What I was wondering, and I haven't taken the time to look it up, is what the Forest Service and BLM rules are for putting that stuff out?

Hunting elk last year I ran into a bait station on forest land that had 2 salt licks, corn scattered all over and a sweet grain mix feeder fastened to a pine tree.


----------



## elkfromabove (Apr 20, 2008)

Critter said:


> My biggest gripe about is is that they homestead in the camping spot for a month so that they can get it. They pull into it during the bow hunt and leave their trailer there until they shoot their deer. And yes I have reported them. One other thing that they are doing is shooting across a road, and yes I have reported this also and the local officer has talked to them but can't do anything about it unless they catch them.


So, you're talking one (or a couple) of hunter groups who are jerks that happen to like baiting? And doing something about the baiting laws will change what? Jerks are jerks, no matter how they choose to hunt or do anything else.


----------



## Critter (Mar 20, 2010)

elkfromabove said:


> So, you're talking one (or a couple) of hunter groups who are jerks that bait? And doing something about the baiting laws will change what? Jerks are jerks, no matter how they choose to hunt or do anything else.


No this is the most blatant one that I know of, it's right out in the open where everyone can see. I have also came across others where they have packed corn into areas to lure birds and other animals along with piles of apples miles away from the nearest apple tree.


----------



## caddis8 (Sep 10, 2007)

If it's for birds, then it's illegal. Big game is legal, so I don't necessarily see a problem with it.

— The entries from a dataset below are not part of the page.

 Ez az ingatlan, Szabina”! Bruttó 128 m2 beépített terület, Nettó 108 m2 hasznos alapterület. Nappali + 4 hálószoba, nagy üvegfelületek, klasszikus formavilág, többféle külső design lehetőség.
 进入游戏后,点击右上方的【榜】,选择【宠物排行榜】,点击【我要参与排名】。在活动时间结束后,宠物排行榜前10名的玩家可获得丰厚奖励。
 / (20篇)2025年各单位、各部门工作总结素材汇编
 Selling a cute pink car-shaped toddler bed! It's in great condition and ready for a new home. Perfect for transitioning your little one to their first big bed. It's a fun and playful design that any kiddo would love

It's the same theoretically as hunting an alfalfa field. Or putting some hay out. 

I've hunted hogs over bait. I didn't think that was a great experience, but that was more the situation and conditions then the actual bait. 

I wouldn't call those who are following the law jerks. Those who are illegal are jerks that ruin it for others.

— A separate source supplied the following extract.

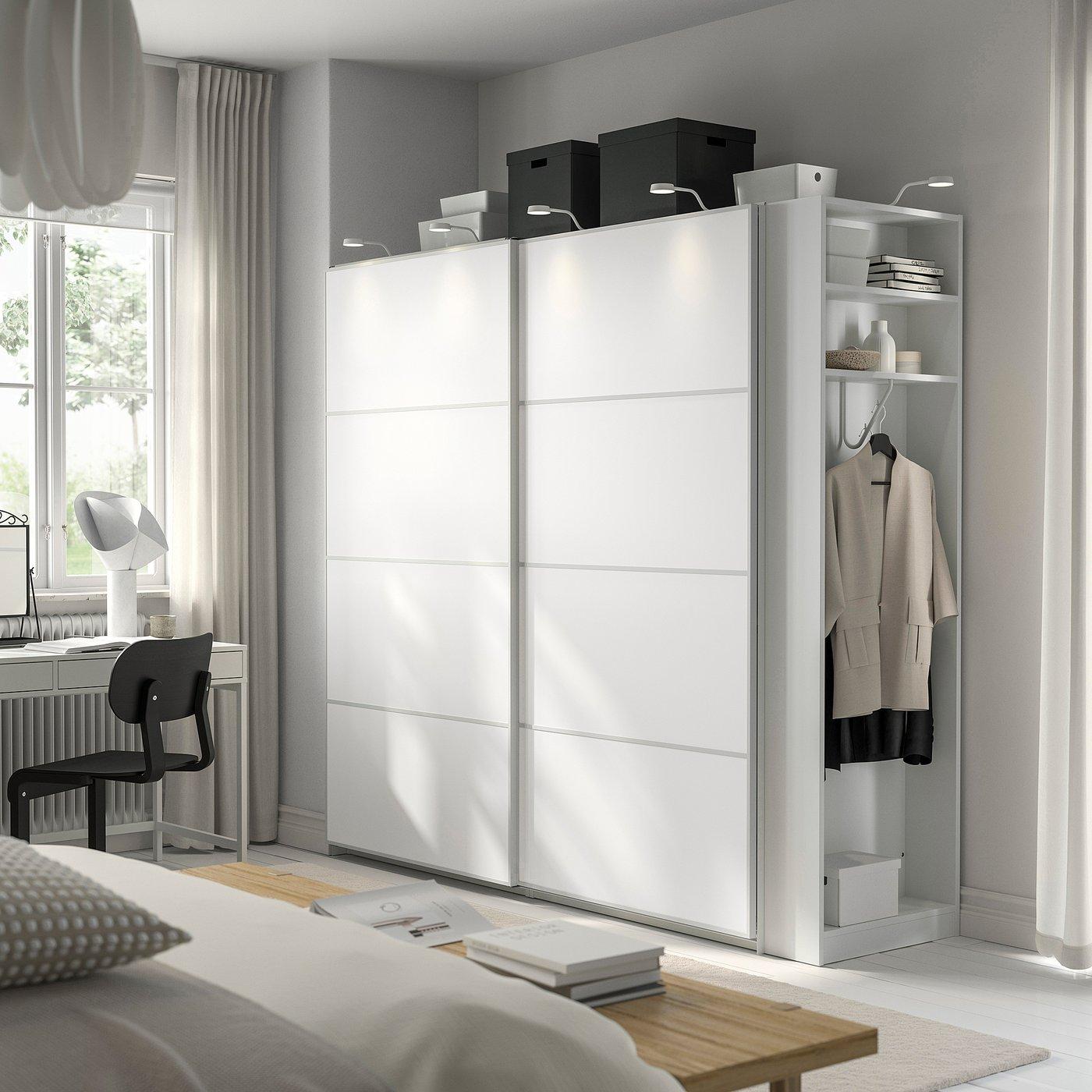 Бесплатно 10 лет гарантии. Подробнее об условиях гарантии — в гарантийной брошюре. Регулируемые ножки позволяют скорректировать неровности пола. Неглубокий каркас – идеальное решение для небольших помещений. С помощью программы планирования гардероба PAX вы можете легко дополнить свою комбинацию интегрированной подсветкой. После выбора источника освещения программа предложит необходимые аксессуары.

I have grown an appreciation for mineral and feed stations that contribute to herd health and making healthier critters. Bigger antlers is a bonus. 

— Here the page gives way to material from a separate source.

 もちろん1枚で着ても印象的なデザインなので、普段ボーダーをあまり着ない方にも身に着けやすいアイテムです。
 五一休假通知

Like I said, I have almost as much fun doing this as I do actually hunting. I get the kids out with me for me job, I get to see nature in it's finest, and I have fun doing it. Some days my job is great. Coming from Utah and dealing with hunting across the nation, I have changed my stance over the years on baiting. Folks that do that where legal are just as passionate as the DIY elk hunter that packs everything into the backcountry for two weeks on his/her back.


----------



## Critter (Mar 20, 2010)

With as many salt and mineral blocks that the sheep and cattle herders put out do we really need more put out by hunters for their health?


----------



## weaversamuel76 (Feb 16, 2017)

A pile of apples on the ground only serves one purpose while a alfalfa field has multiple. Also quite a few states have seen a major increase in cwd deer and bait piles are proven to increase the chances of nose to nose contact between animals while a field spreads the animals out. Crops are seasonal and benefit long term bait piles only last till they served thier master.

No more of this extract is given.